■ DATA EXCERPT ■
+++
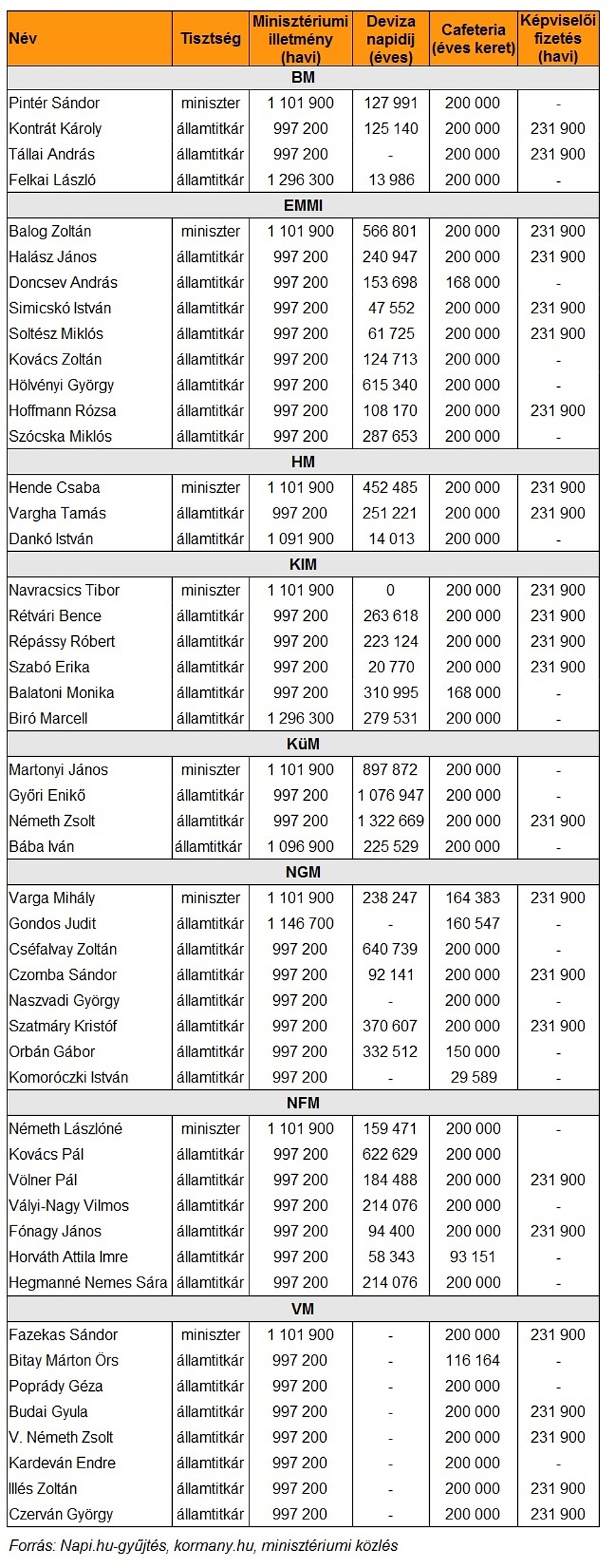 A miniszterek fizetése egységesen havi bruttó 1 101 900 forint, amihez jön még az évi 200 ezres cafeteriakeret, illetve sok esetben a 231 900 forintos parlamenti képviselői tiszteletdíj is. A képviselő miniszterek így a külföldi utak után járó napidíjak összegétől függően évi bruttó 16 millió forint körül visznek haza, míg a "sima" tárcavezetők - a már említett Németh Lászlóné fejlesztési- és Pintér Sándor belügyminiszter - 13,6 millióból gazdálkodhatnak. Martonyi János külügyminiszter sem képviselő, de az ő juttatásait a kilencszázezres napidíjtömeg vitte 14,3 millió forint fölé. (A KIM tájékoztatása szerint Navracsics Tibor miniszter a deviza napidíj juttatását 2013-ban nem vette fel.)
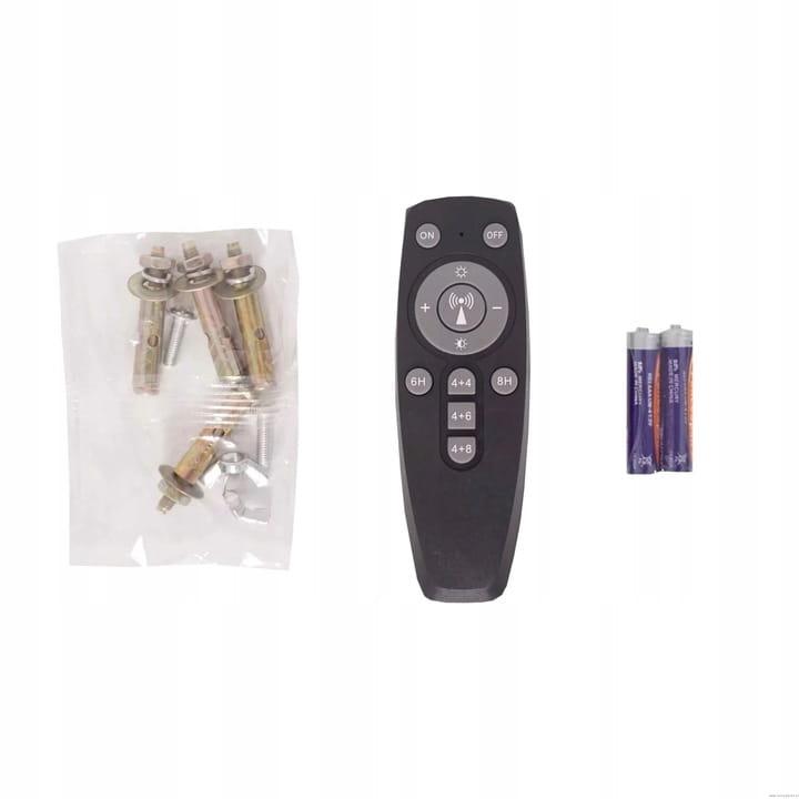 - Pilot zdalnego sterowania: regulacja jasności, timer 3h 5h 8h, funkcja ON OFF, czujnik zmierzchu (automatyczne zapalanie się lampy po zmierzchu i gaszenie za dnia)
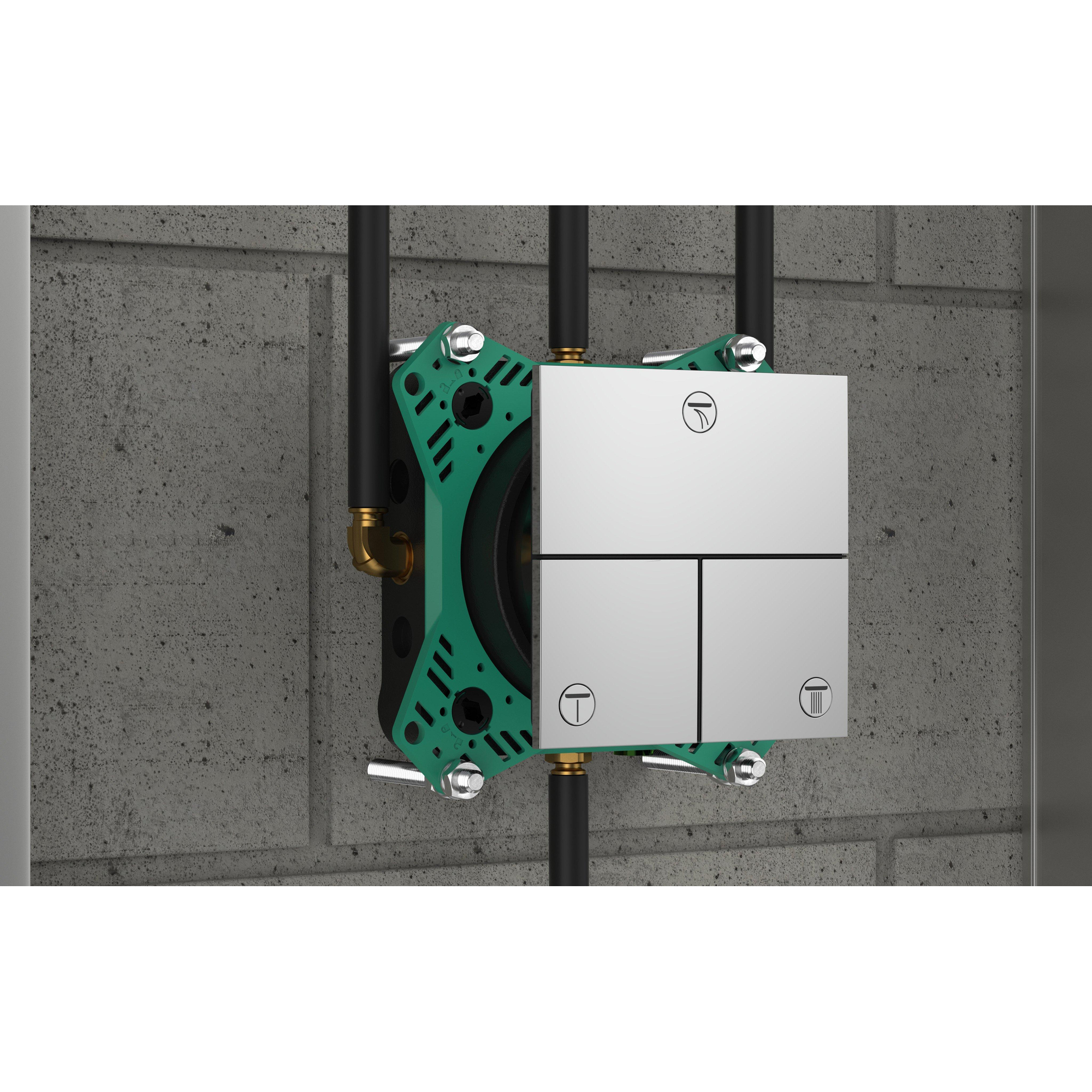 Transformez votre salle de bains avec une combinaison raffinée d'élégance et de facilité d'utilisation. Ce système encastré vous permet de passer aisément entre différentes fonctions de douche, rendant votre expérience quotidienne de douche beaucoup plus agréable. Le design minimaliste et ultra-fin crée un effet d'espace et donne l'impression que le mitigeur flotte presque sans poids contre le mur. Grâce à la commande intuitive avec de grands boutons-poussoirs, vous changez facilement entre un maximum de trois fonctions, même avec les mains mouillées ou savonnées. Ainsi, vous profitez non seulement d'une apparence élégante, mais aussi d'une technique intelligente et fiable qui élève votre salle de bains à un niveau supérieur.
+++
Everything in the listing except the pictures must be reproduced exactly.

■ SOLUTION ■
 A miniszterek fizetése egységesen havi bruttó 1 101 900 forint, amihez jön még az évi 200 ezres cafeteriakeret, illetve sok esetben a 231 900 forintos parlamenti képviselői tiszteletdíj is. A képviselő miniszterek így a külföldi utak után járó napidíjak összegétől függően évi bruttó 16 millió forint körül visznek haza, míg a "sima" tárcavezetők - a már említett Németh Lászlóné fejlesztési- és Pintér Sándor belügyminiszter - 13,6 millióból gazdálkodhatnak. Martonyi János külügyminiszter sem képviselő, de az ő juttatásait a kilencszázezres napidíjtömeg vitte 14,3 millió forint fölé. (A KIM tájékoztatása szerint Navracsics Tibor miniszter a deviza napidíj juttatását 2013-ban nem vette fel.)
 - Pilot zdalnego sterowania: regulacja jasności, timer 3h 5h 8h, funkcja ON OFF, czujnik zmierzchu (automatyczne zapalanie się lampy po zmierzchu i gaszenie za dnia)
 Transformez votre salle de bains avec une combinaison raffinée d'élégance et de facilité d'utilisation. Ce système encastré vous permet de passer aisément entre différentes fonctions de douche, rendant votre expérience quotidienne de douche beaucoup plus agréable. Le design minimaliste et ultra-fin crée un effet d'espace et donne l'impression que le mitigeur flotte presque sans poids contre le mur. Grâce à la commande intuitive avec de grands boutons-poussoirs, vous changez facilement entre un maximum de trois fonctions, même avec les mains mouillées ou savonnées. Ainsi, vous profitez non seulement d'une apparence élégante, mais aussi d'une technique intelligente et fiable qui élève votre salle de bains à un niveau supérieur.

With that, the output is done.